The approximate solution can be evaluated from

$$\begin{aligned} u_{ap}(x)=e^{x+2}-2(e-1)e^xu(c), \end{aligned}$$

which leads to the exact solution. The graph of the equations in (25) is given in Fig. 1.

###
*Example 2*

(*Linear Fredholm integral equation*) Consider the following linear Fredholm integral equation of the first kind (Mikaeilvand and Noeiaghdam 2014):

$$\begin{aligned} u(x)= x^3-2(3+\cos (1)-4\sin (1))(\cos (x)+\sin (x))+ \int _{0}^{1} [\sin (x+t)+\cos (x+t)]u(t)\,dt. \end{aligned}$$

The exact solution for the equation is that \(u(x)=x^3\).

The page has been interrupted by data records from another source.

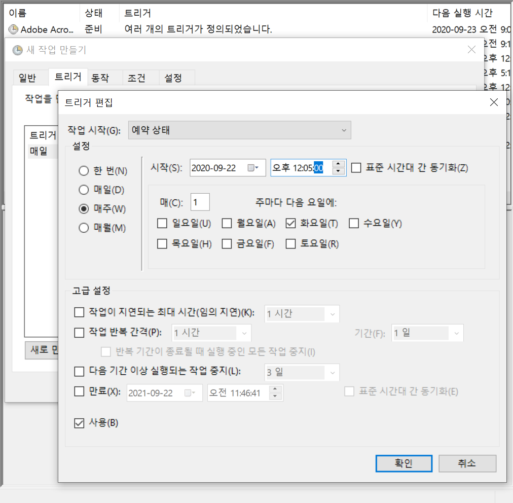 매주 한번 백업하는 스케쥴러를 작성한 예제입니다.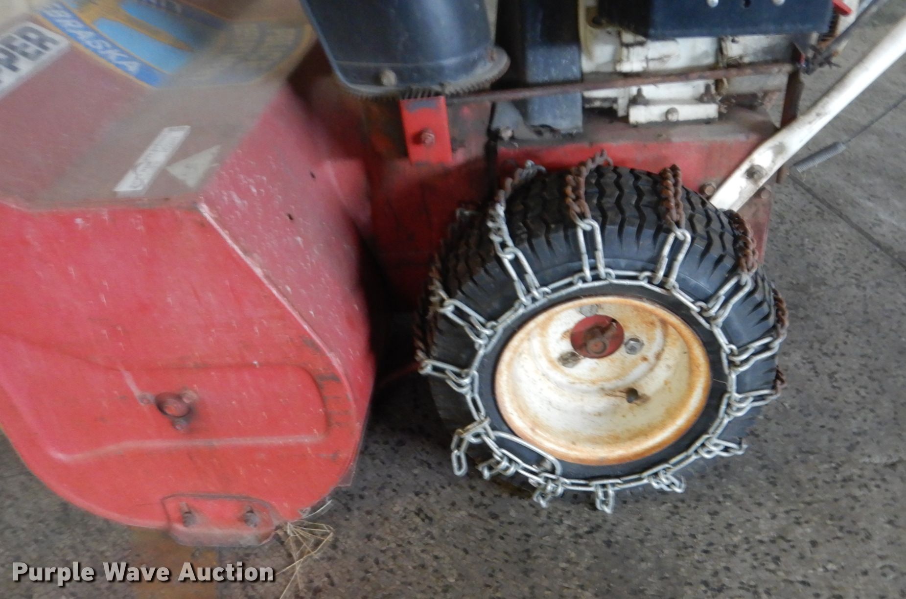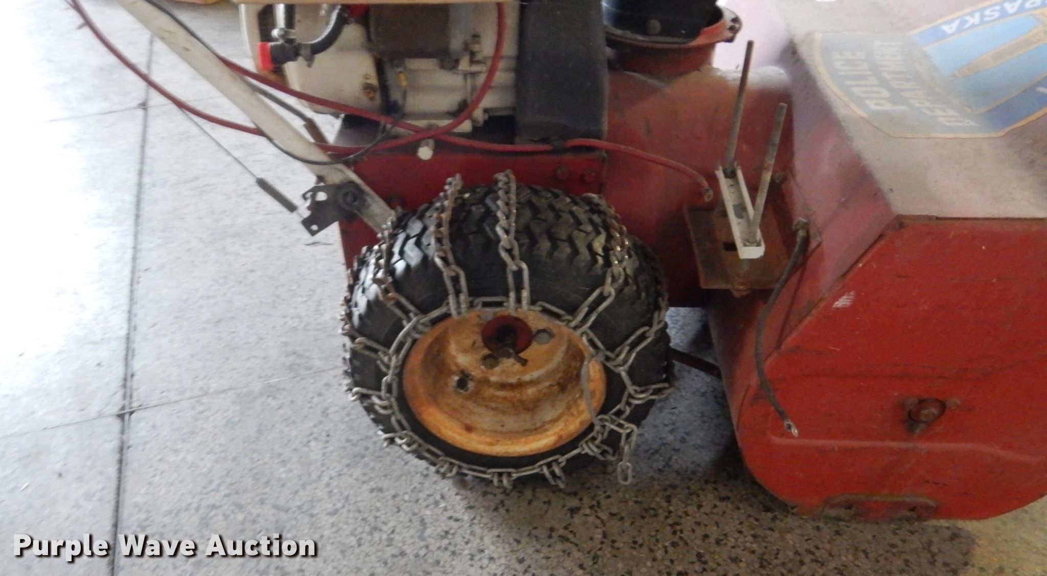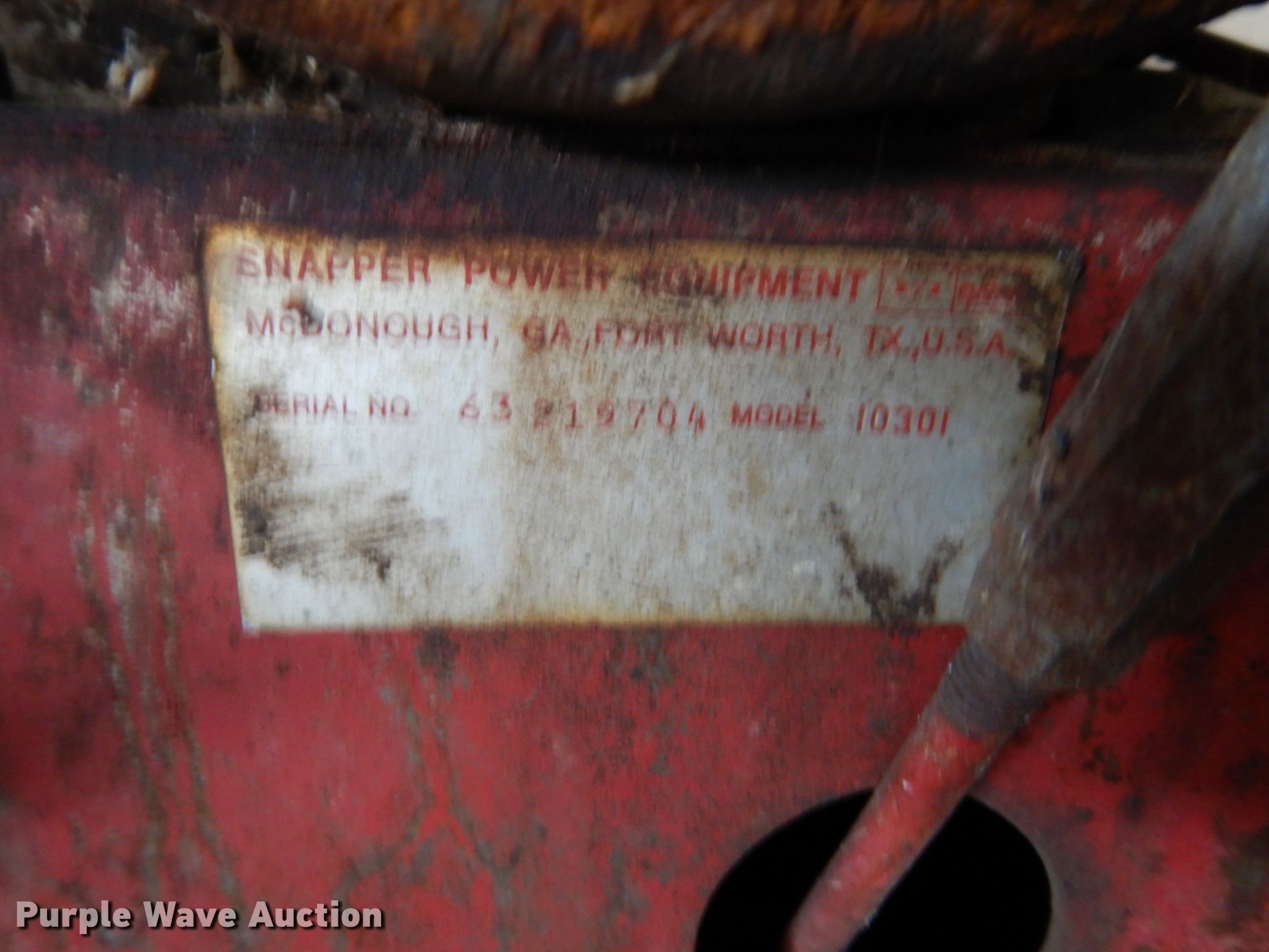 Purple Wave is selling a used Lawn and Garden in Nebraska. This item is a Snapper 1030 snow blower with the following: Single cylinder gas engine, 30" working width, 16x8.50-8 tires, No battery, Unknown operating condition, Serial 63229704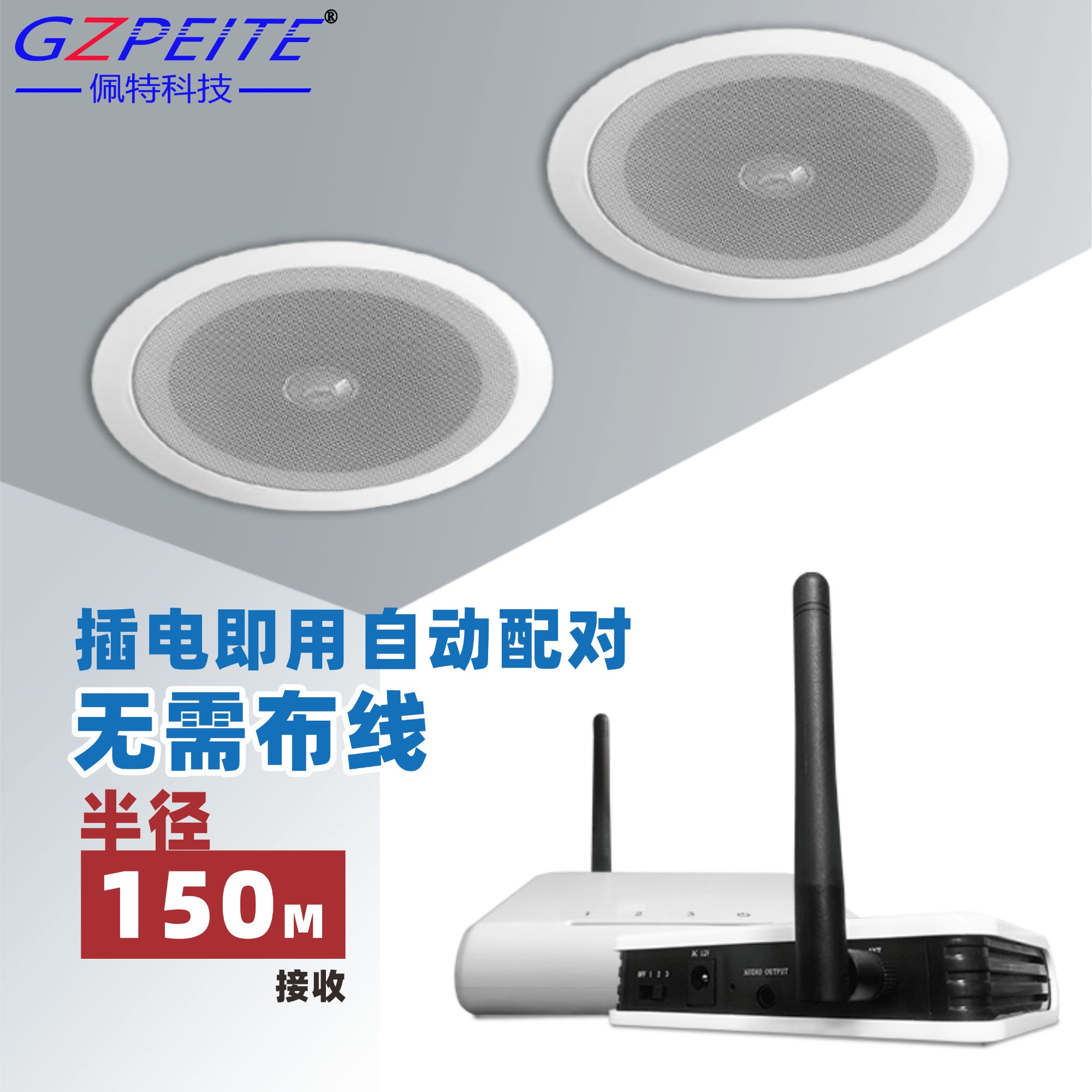佩特科技PET-WXR/T-6x無線吸頂音響功能突出,無需布線、插電即用,傳播范圍可達半徑150M,加裝天線可實現更遠距離信號傳輸。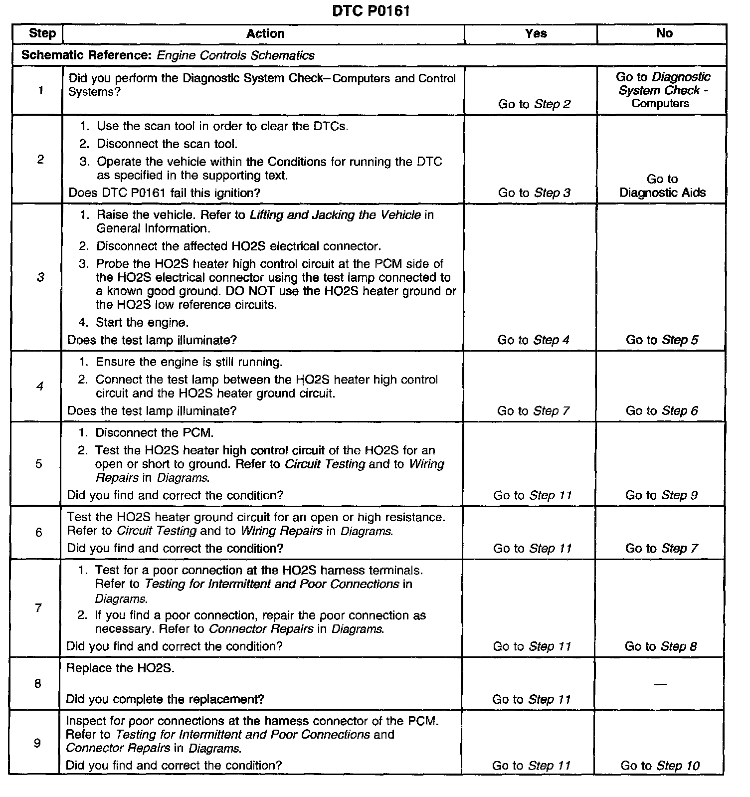 The numbers below refer to the step numbers on the diagnostic table.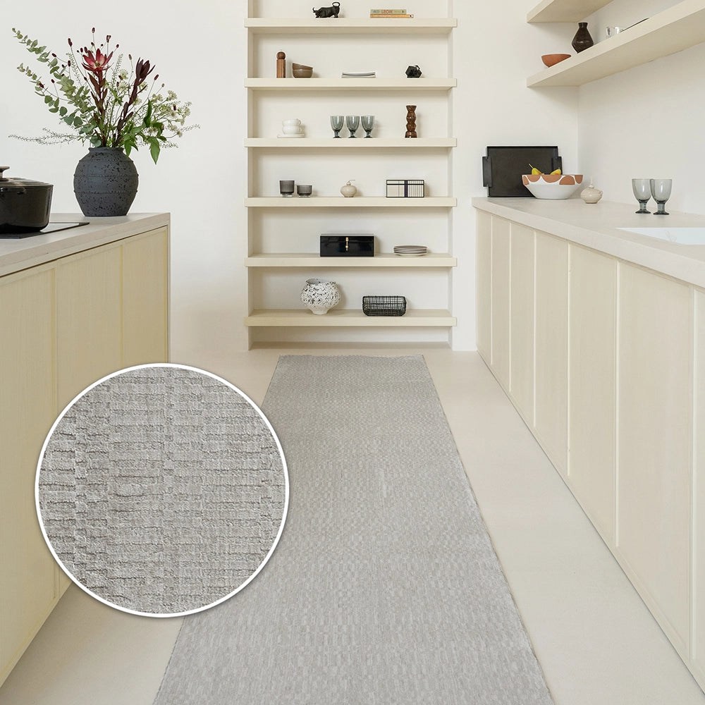This neutral carpet serves up serious style for the modern home. Small rectangles all over give this beige carpet a wonderful texture, while large-scale criss-crossing lines add a modern twist.

Applying the presented method, the following system of equations are obtained:

$$\begin{aligned} u(c)& = c^3 + (\cos (c) + \sin (c))\left[ u(c)(1+\sin (1)-\cos (1))-2(\cos (1)-4\sin (1))\right] , \\ u(c)& = c^3 + (\cos (c) + \sin (c))\left[ (\cos (2)-1)(3-4\sin (1)+\cos (1))-2(3+\cos (1)-4\sin (1))\right. \\&\left. \quad -\,\frac{1}{2}u(c)(1+\sin (1)-\cos (1))(cos(2)-3)\right] . \end{aligned}$$

Solving this system of nonlinear equations with the initial guess \([0.5,\,0.5]\) results in

$$\begin{aligned} c = 0.6448066930020793 \,\,\,\text{ and } \,\,\,u(c) =0.2680949356676439. \end{aligned}$$

The approximate solution becomes

$$\begin{aligned} u_{ap}(x)=x^3-1.6653\times 10^{-16}(\sin (x)+cos(x)). \end{aligned}$$

###
*Example 3*

(*Nonlinear Fredholm integral equation*) Consider the following nonlinear Fredholm integral equation of the second kind (Wazwaz 2011):

$$\begin{aligned} u(x)= \frac{5}{6}x+ \int _{0}^{1} xt^2u^3(t)\,dt, \quad x,t \in [0,\,1]. \end{aligned}$$

Three exact solutions for the equation are

$$\begin{aligned} u(x)=x,\, \frac{\left( \sqrt{21}-1\right) x}{2},\, \text{ and } -\frac{\left( \sqrt{21}+1\right) x}{2}. \end{aligned}$$

(26)

Applying the presented method, the following system of equations are obtained:

$$\begin{aligned} u(c)& = c\left( \frac{5+2u^3(c)}{6}\right) , \nonumber \\ u(c)& = c\left( \frac{5}{6}+\frac{1}{6}\left( \frac{5+2u^3(c)}{6}\right) ^3\right) . \end{aligned}$$

(27)

Solving this system of nonlinear equations yields

$$\begin{aligned} c& = 0.793700526076704 \,\,\,\text{ and } \,\,\,u(c) = \,\,0.793700525984100,\nonumber \\ c& = 0.793700526076704 \,\,\,\text{ and } \,\,\,u(c) = \,\,1.421746106732151,\nonumber \\ c& = 0.793700526076704 \,\,\,\text{ and } \,\,\,u(c) =-2.215446632716251. \end{aligned}$$

(28)

The approximate solution can be calculated from

$$\begin{aligned} u_{ap}(x)=x\left( \frac{5+2u^3(c)}{6}\right) . \end{aligned}$$

It is important to point out that each pair of solutions given in (28) corresponds to one exact solution given in (30). The first pair leads to the exact solution \(u(x)=x\), the second pair leads to the exact solution \(u(x)=\frac{(\sqrt{21}-1)x}{2}\), and the last pair leads to the third exact solution \(u(x)=-\frac{(\sqrt{21}+1)x}{2}\).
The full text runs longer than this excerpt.